In this portion, we define corresponding points for both images. We use the software provided from the student last year, and we define 64 points.
Below are the two images that I'll be performing face morphing on.
Below are the vertices and the triangulation of said points results.
In this portion, we create the a mid-way face between Rao and I.
We accomplish this by transforming the triangles from the tirangulations of each image to their mid-way values. This was done by a Affine Transformation which was computed through a change of basis matrices.
We do similar steps as from Part 2, but instead we continously warp and cross-disolve throughout the process. We control the amount of warping and cross-dissolving from 0 to 1, where 0 is my face and 1 is rao's face. Finally, said values are determined by which frame we are on in the morphed gif. So, at frame 1, we have 1/45 for warp and cross-dissolve values.

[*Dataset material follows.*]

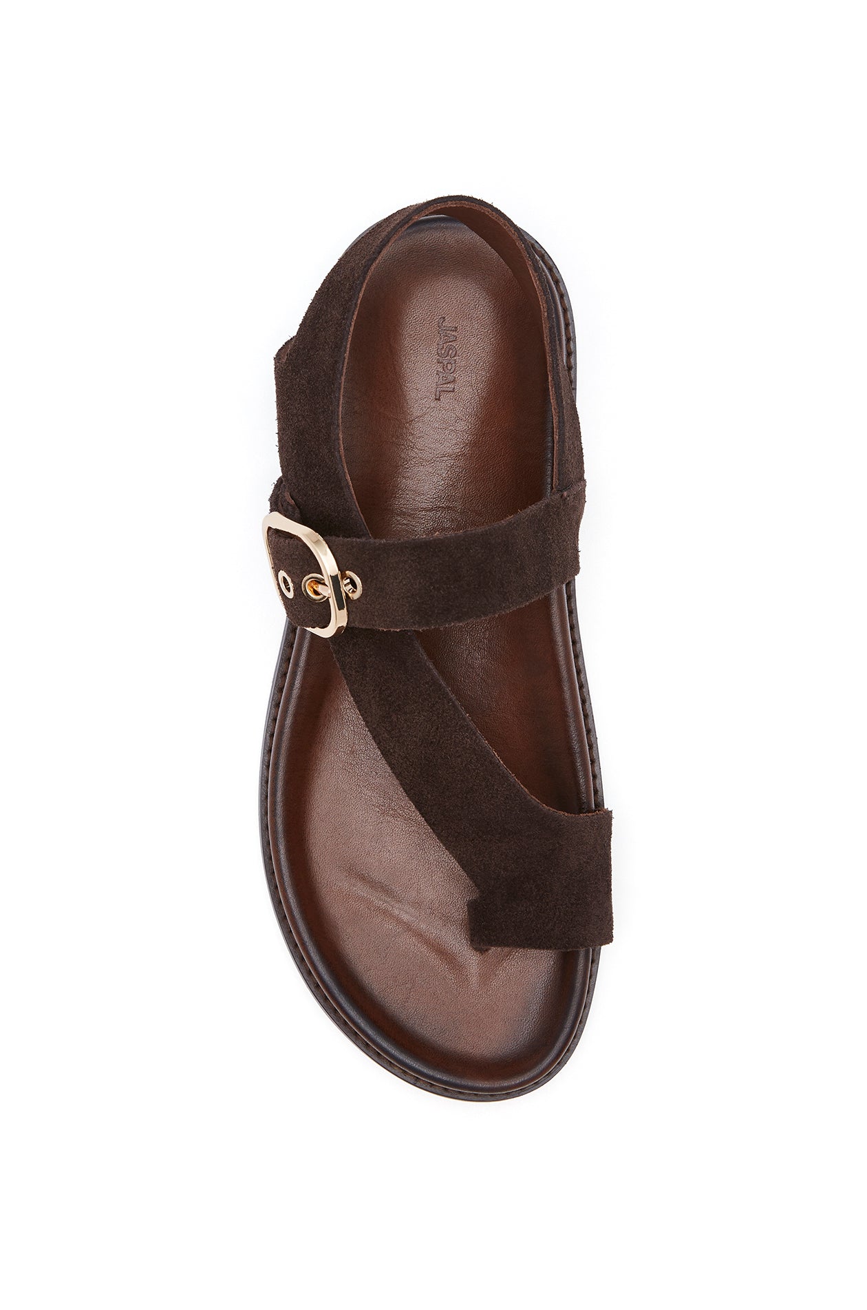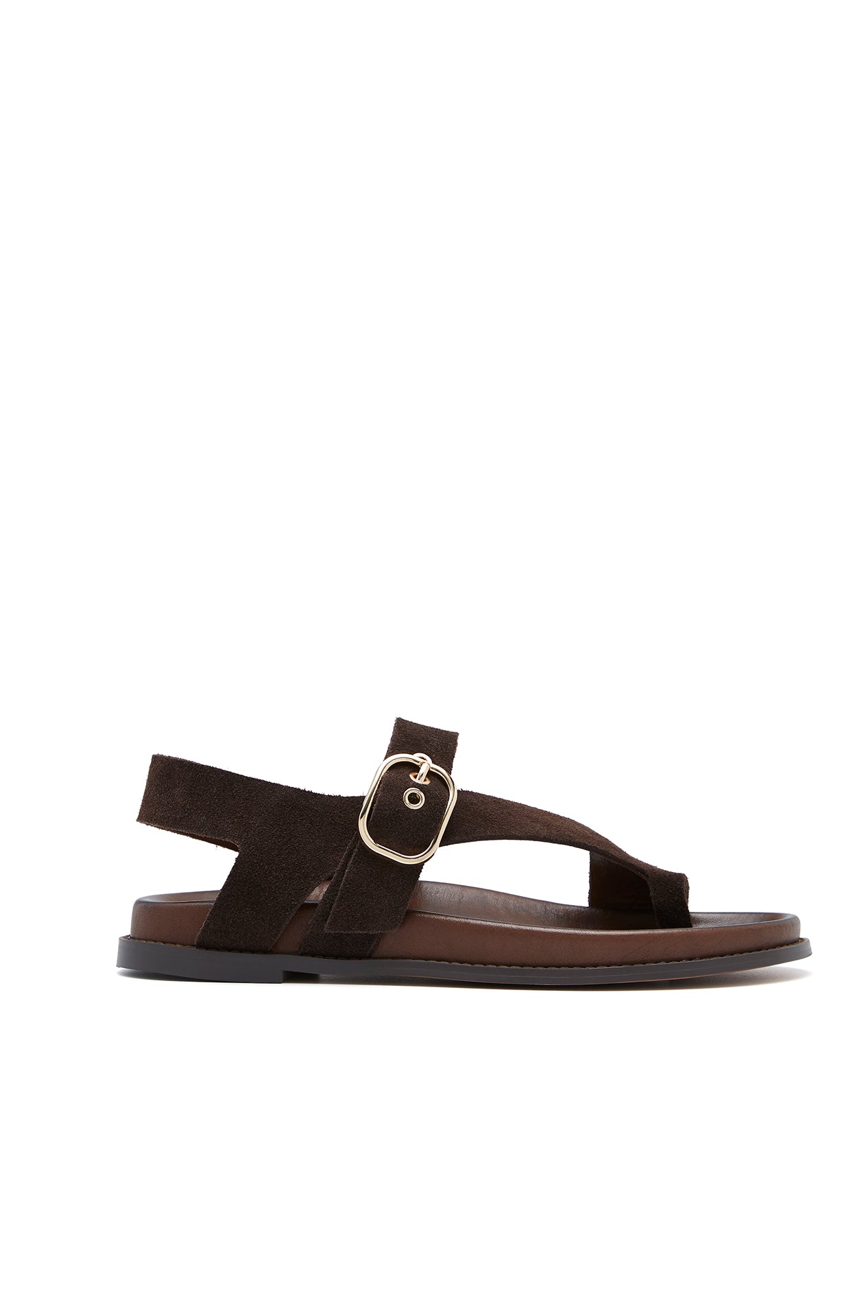 Open round-toe sandals in cow leather with belt buckle strap and toe ring. Available in brown.

Observations: Overall, pretty good morph if I do say so myself. I added a few correspondence points to our shirts, but I think our left sides could have used more points since it looked a bit jarring. Furthermore, a small bunch of our hair seems to be morphing a bit unnaturally near the later end of the gif. However, the morph is overall pretty clean and I am proud of it.

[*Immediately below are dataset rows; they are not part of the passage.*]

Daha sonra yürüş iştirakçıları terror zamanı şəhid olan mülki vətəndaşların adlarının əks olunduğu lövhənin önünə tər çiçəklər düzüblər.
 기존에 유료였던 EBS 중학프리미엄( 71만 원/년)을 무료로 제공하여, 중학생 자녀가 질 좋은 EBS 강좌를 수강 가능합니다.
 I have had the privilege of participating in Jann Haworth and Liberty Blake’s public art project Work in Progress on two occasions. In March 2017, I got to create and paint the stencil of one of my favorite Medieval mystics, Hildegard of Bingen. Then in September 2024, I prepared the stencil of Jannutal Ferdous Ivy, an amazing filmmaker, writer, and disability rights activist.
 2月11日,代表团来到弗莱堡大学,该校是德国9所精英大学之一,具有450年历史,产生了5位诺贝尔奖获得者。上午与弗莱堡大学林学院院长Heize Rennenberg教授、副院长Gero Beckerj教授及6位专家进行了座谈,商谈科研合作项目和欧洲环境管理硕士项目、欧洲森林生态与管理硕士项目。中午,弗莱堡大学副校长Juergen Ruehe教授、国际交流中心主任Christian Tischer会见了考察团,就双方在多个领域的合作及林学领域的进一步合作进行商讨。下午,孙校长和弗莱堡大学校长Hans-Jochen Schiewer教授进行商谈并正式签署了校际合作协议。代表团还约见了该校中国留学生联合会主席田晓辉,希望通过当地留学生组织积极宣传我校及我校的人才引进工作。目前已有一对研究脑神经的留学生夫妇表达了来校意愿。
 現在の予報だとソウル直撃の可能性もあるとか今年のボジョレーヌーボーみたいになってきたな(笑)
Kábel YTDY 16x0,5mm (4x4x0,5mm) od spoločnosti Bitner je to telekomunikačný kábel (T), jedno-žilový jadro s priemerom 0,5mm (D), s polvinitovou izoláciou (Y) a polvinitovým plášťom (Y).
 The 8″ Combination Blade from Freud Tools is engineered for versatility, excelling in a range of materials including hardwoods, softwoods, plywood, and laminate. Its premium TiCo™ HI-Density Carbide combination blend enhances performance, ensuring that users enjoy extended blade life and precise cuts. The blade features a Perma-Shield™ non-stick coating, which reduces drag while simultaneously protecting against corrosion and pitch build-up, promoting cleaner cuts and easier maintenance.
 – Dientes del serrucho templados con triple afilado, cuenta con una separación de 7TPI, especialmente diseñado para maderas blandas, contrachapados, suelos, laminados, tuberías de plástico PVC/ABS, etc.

For this portion, we attempt to take the average face of the FEI Face Database and apply the average geometry on other faces!
To start, we warp some pictures from the FEI database and determine the average face, and the average geometry.

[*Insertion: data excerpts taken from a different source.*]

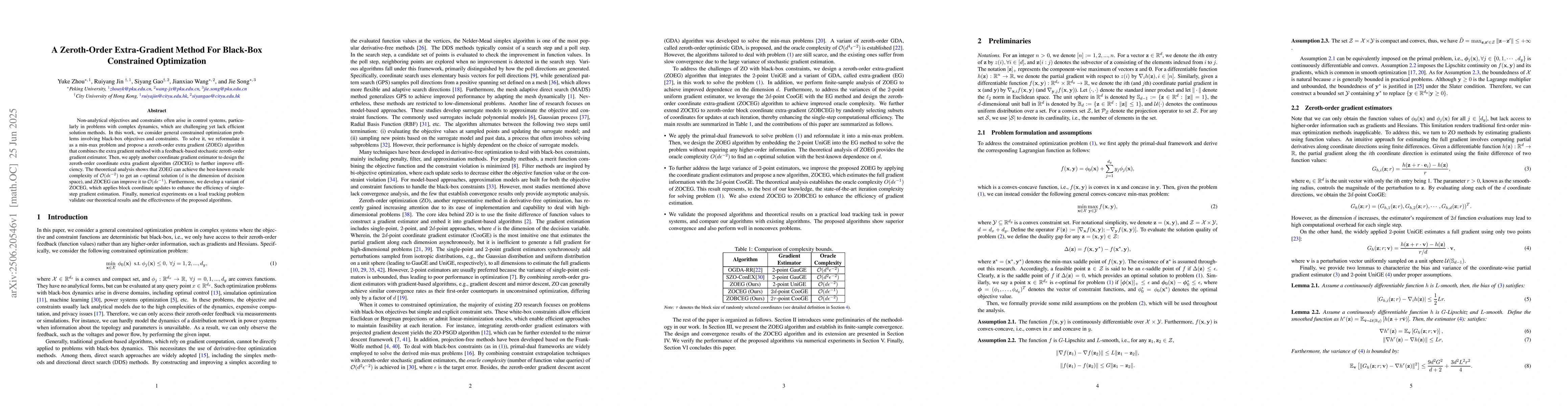 Non-analytical objectives and constraints often arise in control systems, particularly in problems with complex dynamics, which are challenging yet lack efficient solution methods. In this work, we consider general constrained optimization problems involving black-box objectives and constraints. To solve it, we reformulate it as a min-max problem and propose a zeroth-order extra gradient (ZOEG) algorithm that combines the extra gradient method with a feedback-based stochastic zeroth-order gradient estimator. Then, we apply another coordinate gradient estimator to design the zeroth-order coordinate extra gradient algorithm (ZOCEG) to further improve efficiency. The theoretical analysis shows that ZOEG can achieve the best-known oracle complexity of $\mathcal{O}(d\epsilon^{-2})$ to get an $\epsilon$-optimal solution ($d$ is the dimension of decision space), and ZOCEG can improve it to $\mathcal{O}(d\epsilon^{-1})$. Furthermore, we develop a variant of ZOCEG, which applies block coordinate updates to enhance the efficiency of single-step gradient estimation. Finally, numerical experiments on a load tracking problem validate our theoretical results and the effectiveness of the proposed algorithms.
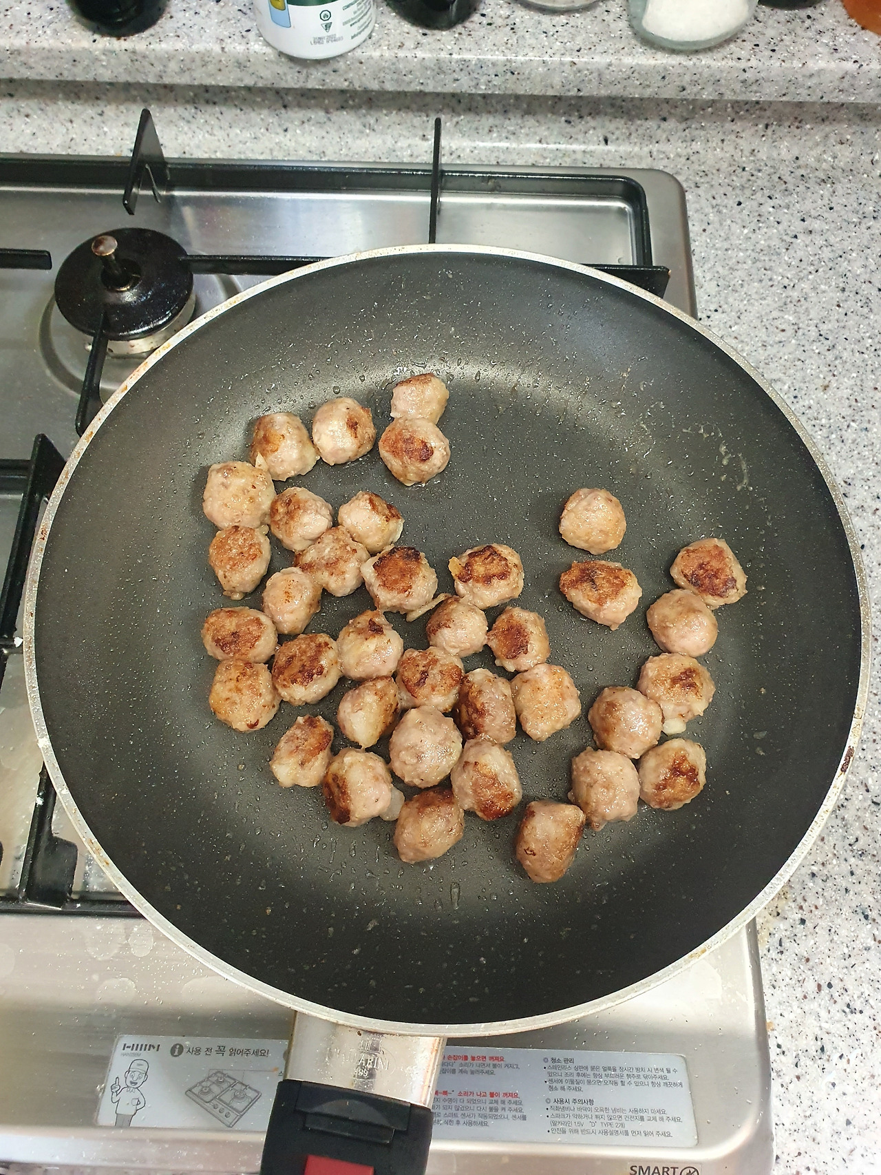 3. 기름을 넉넉히 두른 팬에 고기공을 노릇하게 익힌다.
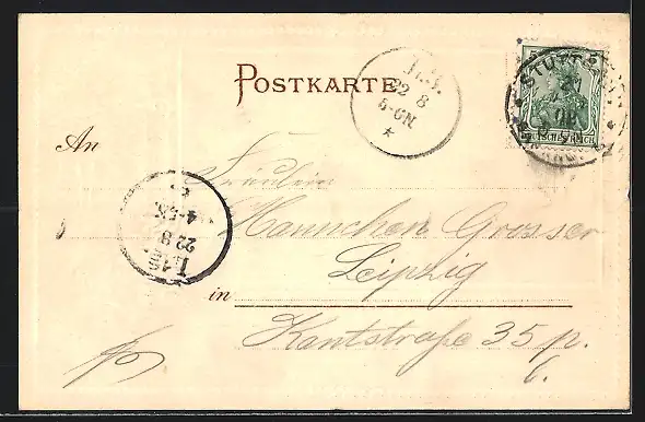 Personenbezogene Daten auf der Rückseite der Karte wurden durch blauen Textmarker unkenntlich gemacht. Die blauen Stellen sind auf die Vorderseite durchgeweicht und wirken sich negativ auf das Postkartenfoto aus

Now, let's see how some people from the dataset look when they are warped to the average face.
Pretty good overall considering I did not add too many correspondce points. However, 50a looks very unnatural. I think this is due to that picture being an outlier in terms of positoning, since the original image the person was facing a bit upwards. Also, the person's face is a bit unique.
For reference, here is 20a looked (the most natural looking transformation of the 4).
I would not have been able to tell it was a different picture if I was not looking at the ears!
Now, we (1) warp my 11th grade picture into the average geometry and (2) warp the average face into my 11th grade picture's geometry!
In this portion, we produce a caricature of my face by extrapolating from the population mean from the previous step.
I calculated p + 1.5(q - p) as the target correspondences, found the extrapolated triangulation, and then I finally warped my face to those targets.
Something that was mildy annoying while going through this project was the fact that I had to manually determine all the points in the images. This was time consuming and there was some backtracking involved when I had to include more points than what I had originally put down. Then, as I was scrolling through some past submissions, I see a student had implemented a "auto correspondence" using some python library. I figured, "why not, that sounds useful". So, here are the results of the auto correspondence feature!
So, I decided to look online ofr the average face of a turkish woman. For reference, I am a Indian man, so I was trying to change ethnicity and gender.
Below are the results...
Although the resulting image is a bit off, I would argue that it is more about my specfic image being a bit 'crooked'. Specifically, my nose is PRETTY crooked in the picture. Furthermore, the focal point are much different for the images. Specifically, my Focal Point is much higher than the average turkish woman's image.
I also think that I could have selected the correspondce points on my face better.
Furthermore, in the previous portion of the project (p4), when I morphed my face into the average face provided from the FEI face database, I morphed my self into the average Brazillian.